Un portrait au vitriol de la société lisboète
Maria João tente de survivre après avoir été violée par trois garçons. Mais la mort la rattrape.
Au milieu du Tage, une femme se défend, hurle, frappe Lourenço alors qu’Alberto, qui ne peut lâcher les commande du petit canot, lui crie de ne pas la laisser s’échapper. Elle réussit à sauter, à rejoindre la rive cependant rattrapée et frappée avec l’ancre. Elle est laissée pour morte. Une ombre a assisté au drame, une ombre qui emporte le corps de la femme. Alberto et Lourenço sont les fils de Salvador Teles, un puissant industriel. Ils sont très inquiets après les événements de la nuit. Et cette fois-ci, ils ne pensent pas être sauvés par leur père qui avait fait étouffer l’affaire de l’assassinat de Maria João. Ils font partie de la jeunesse dorée de Lisbonne et avec Rick, leur cousin, un acteur de seconde zone ; ils tournent des films pornographiques.
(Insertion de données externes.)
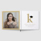 Simple Classic Monogram Small Letter 'k' With Black Graduation Cap Grad Party Guest Book. The back features a photo of the graduate and a meaningful quote.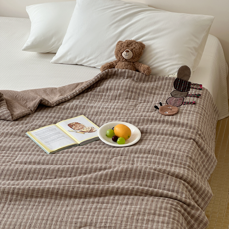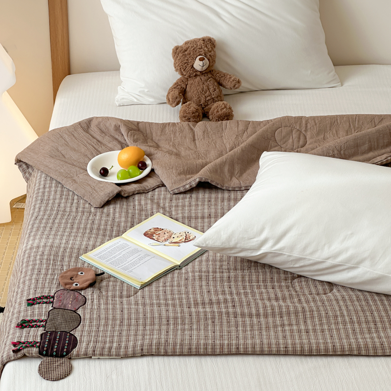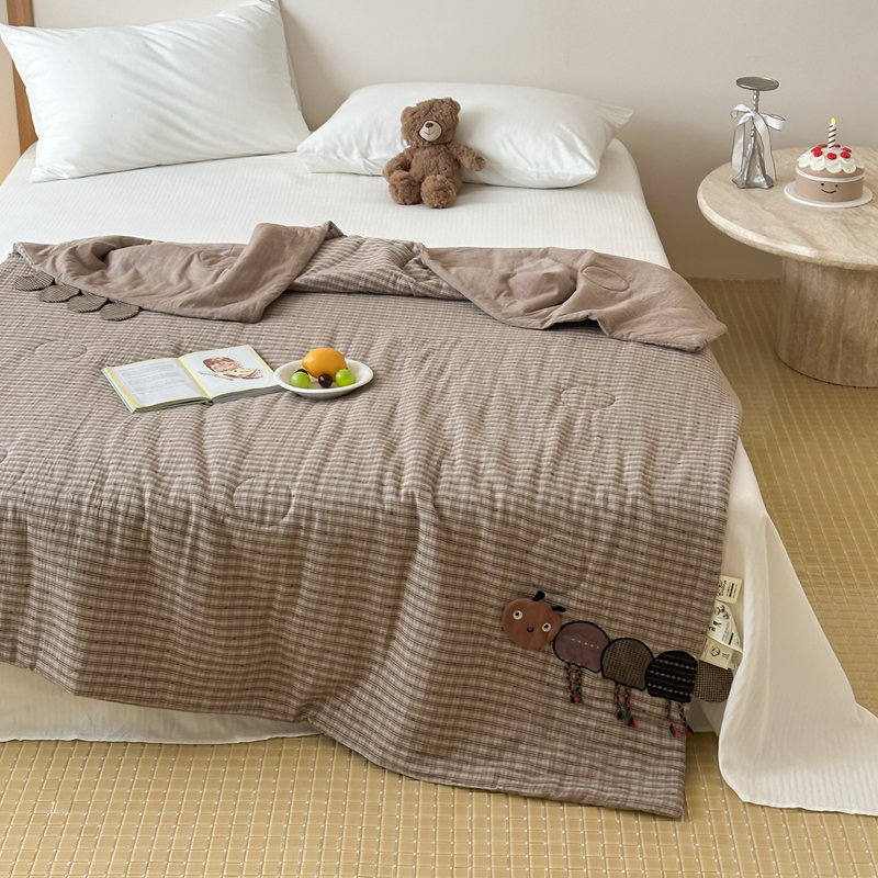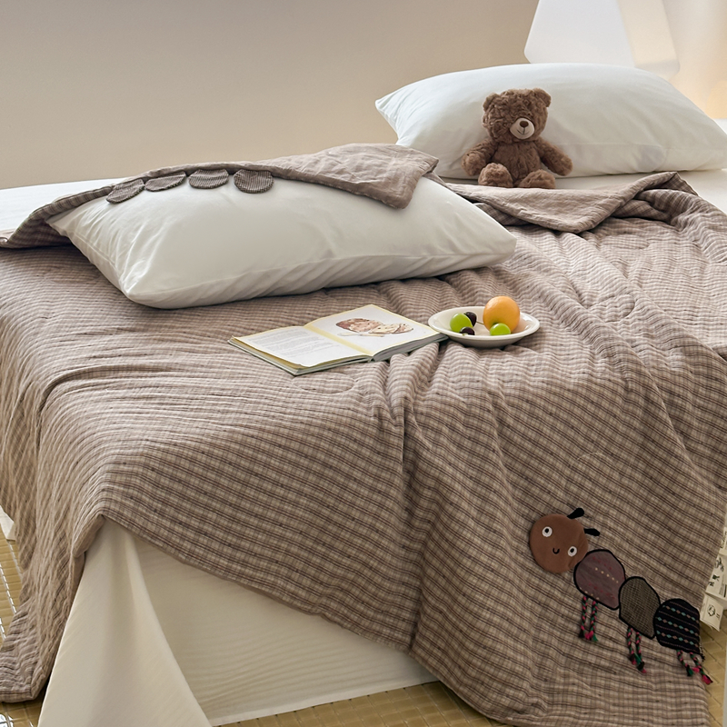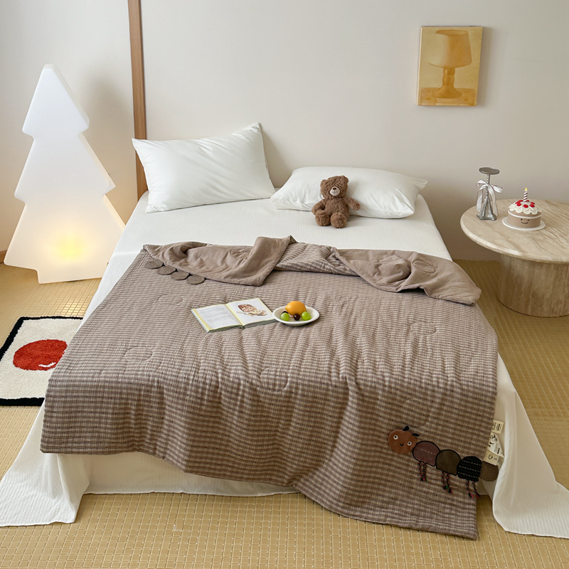 • 91家纺网 家纺一手货源 找家纺 月夏 2025新款全棉双层纱纱布夏被夏凉被空调被 毛毛虫-咖【填充新疆棉花】

Cette femme est fiancée à Evgueni, un garçon qui s’inquiète quand elle n’est pas au rendez-vous, qu’elle reste introuvable. Il contacte Oulianov, le frère d’Irina, un taiseux au passé tourmenté. Celui-ci, après être passé par les services spéciaux de l’URSS, l’armée a fini dans des combines criminelles, fait de la prison et se terre au Portugal comme ouvrier. Pour retrouver sa sœur, il doit sortir de l’ombre et renouer avec des réflexes d’enquêteur.
Pour construire son intrigue, le romancier mise sur les règles du roman criminel inversé dont tout l’enjeu est de savoir si le, ou les, coupables pourront échapper à la justice, au châtiment. Il les place dans les milieux aisés de la capitale, dans le milieu des affaires. Il décrit Lisbonne et son évolution, les quartiers en mutation. Il expose les constructions nouvelles, les travaux d’infrastructure et ce qu’ils génèrent comme magouilles et malversations, pots de vins et corruptions en tous genres.
Trois parcours principaux structurent le récit. Celui des deux frères qui peu à peu se sentent cernés par des forces inconnues et qui tentent de desserrer l’étau. Ceux qui portent le glaive de la justice, que ce soit la police, justicier officiel ou un ex-assassin qui mène sa vendetta. Lisbonne s’installe à côté de ce trio et occupe une place entière de personnage.
Le romancier dresse une galerie de portraits remarquables dans leur noirceur. Peu méritent être sauvés. Salvador Teles, un grand capitaine d’industrie qui a eu l’opportunité d’épouser une riche héritière mais qui a su faire prospérer l’argent de son beau-père profitant du réseau qu’il avait créé quand il était militaire. Les deux fils dont leur père doute de leurs capacités au point de les laisser avec des “joujoux”, préférant vendre son empire. L’immigrant russe au passé criminel chargé, même s’il tuait dans une certaine légalité. Et puis toute une équipe de fonctionnaires municipaux qui doivent arrondir leurs fins de mois, de policiers plus ou moins corrompus. Et puis, une ombre qui hante la nuit.
Tout ce petit monde s’agite dans Lisbonne, de la Jet-set aux sous-sols inexplorés, des couloirs des administrations aux bords du fleuve. Pedro Garcia Rosado propose un roman fort, âpre, à l’intrigue raffinée mettant en tension un récit attractif servi par une théorie de protagonistes bien campés.
serge perraud
Pedro Garcia Rosado, Mort sur le Tage (Ulianov e o Diablo), traduit du portugais par Myriam Benarroch, Éditions Chandeigne, coll. “Bibliothèque Lusitane”, octobre 2017, 408 p. – 22,00 €.